3rd State Treasurer of Oklahoma
- In office January 1915 – January 1919
- Governor: Robert L. Williams
- Preceded by: Robert Dunlop
- Succeeded by: A. N. Leecraft

Personal details
- Born: William Lee Alexander Charlotte, North Carolina, United States
- Died: October 2, 1938 Pryor, Oklahoma, United States
- Party: Democratic Party

= William Lee Alexander =

American politician (died 1938)

William Lee "Bill" Alexander was an American politician who served as the Oklahoma State Treasurer from 1915 to 1919.

==Biography==
William Lee "Bill" Alexander was born in Charlotte, North Carolina. In 1872, he moved to Whitesboro, Texas, where he lived until he participated in the Land Run of 1889 in Oklahoma Territory.
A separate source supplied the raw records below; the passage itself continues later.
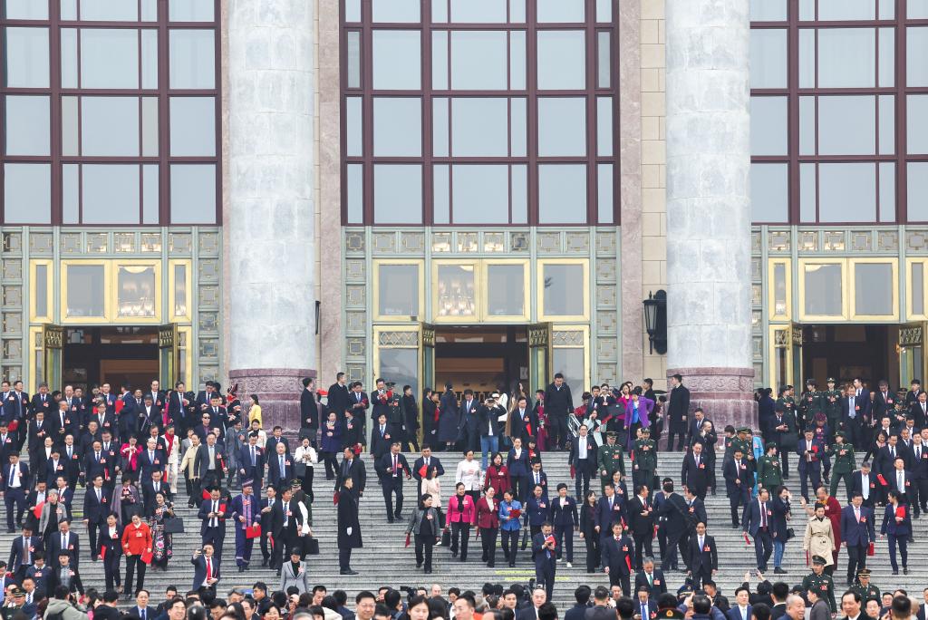 ↑3月10日,全国政协十四届三次会议在北京人民大会堂闭幕。这是闭幕会后,委员们走出人民大会堂。
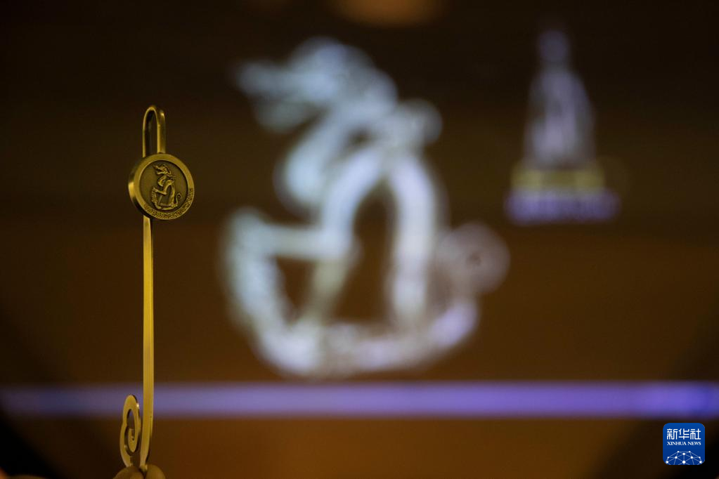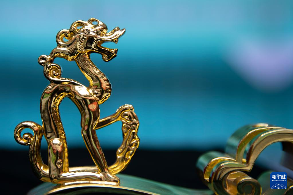 黑龍江省博物館內(nèi)展示的以銅坐龍為原型設(shè)計的云起龍驤案飾(5月16日攝)。
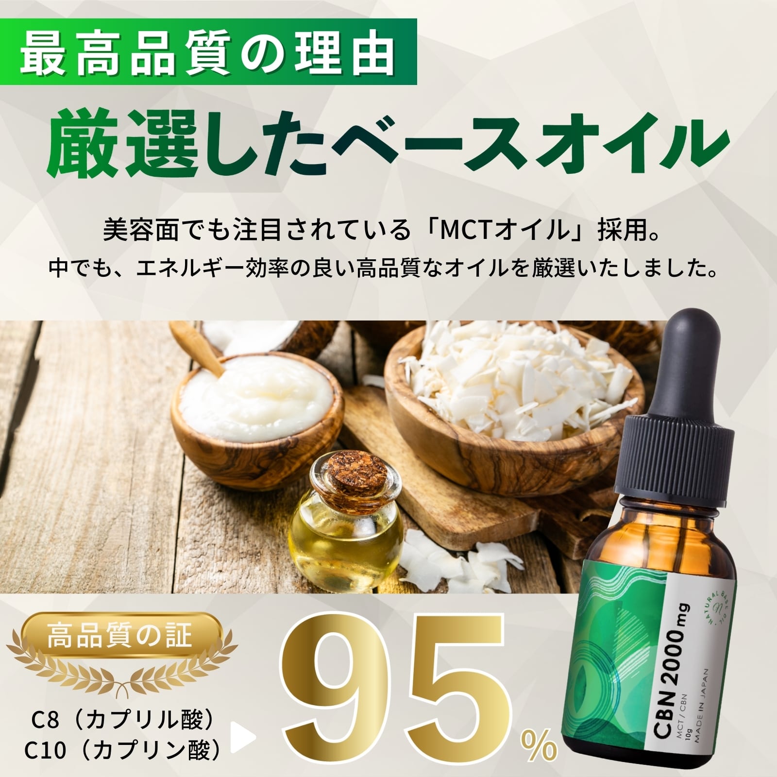 原材料名: 中鎖脂肪酸油(MCTオイル/マレーシア製造)、麻抽出物(カンナビノール)香料(オレンジ由来)
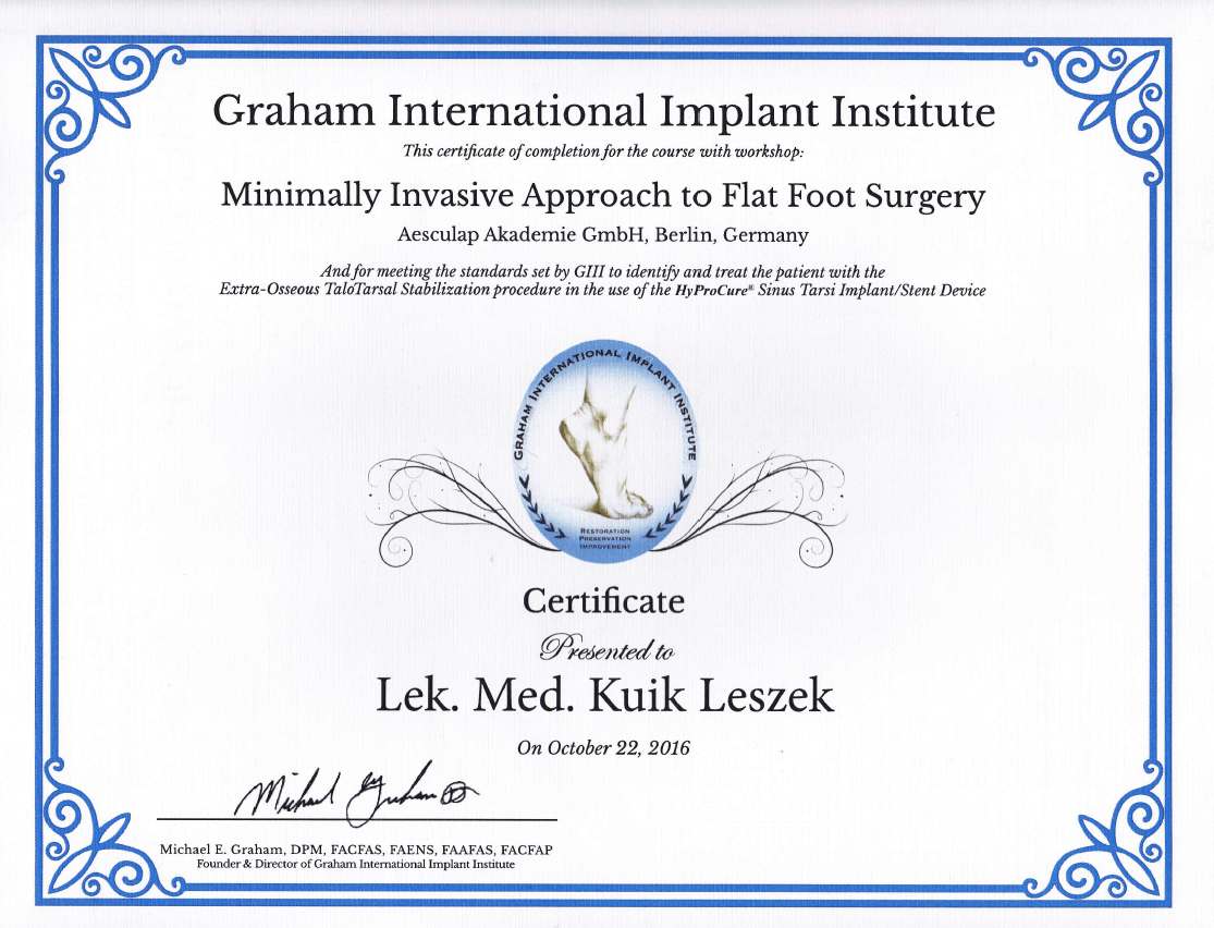 - Stopa płasko-koślawa / płaskostopie – Zabiegi korekcji tego typu deformacji wykonuję zarówno na NFZ jak i komercyjnie. Możliwości operacyjne są rozciągają się od kilkunastominutowych zabiegów typu HyProCure lub ProStop do rozległych operacji trwających 2 godziny lub więcej. Problem płaskostopia jest bardzo złożony, a każdy pacjent ma nieco inną konfigurację przestrzennych zniekształceń.

He was the county treasurer for Oklahoma County, Oklahoma Territory, from 1896 to 1900. A member of the Democratic Party, he was elected Oklahoma State Treasurer in 1914 and served in office from 1915 to 1919, when he was succeeded by A. N. Leecraft. He ran in the 1918 Oklahoma gubernatorial election, but lost the Democratic primary. He died on October 2, 1938, in Pryor, Oklahoma.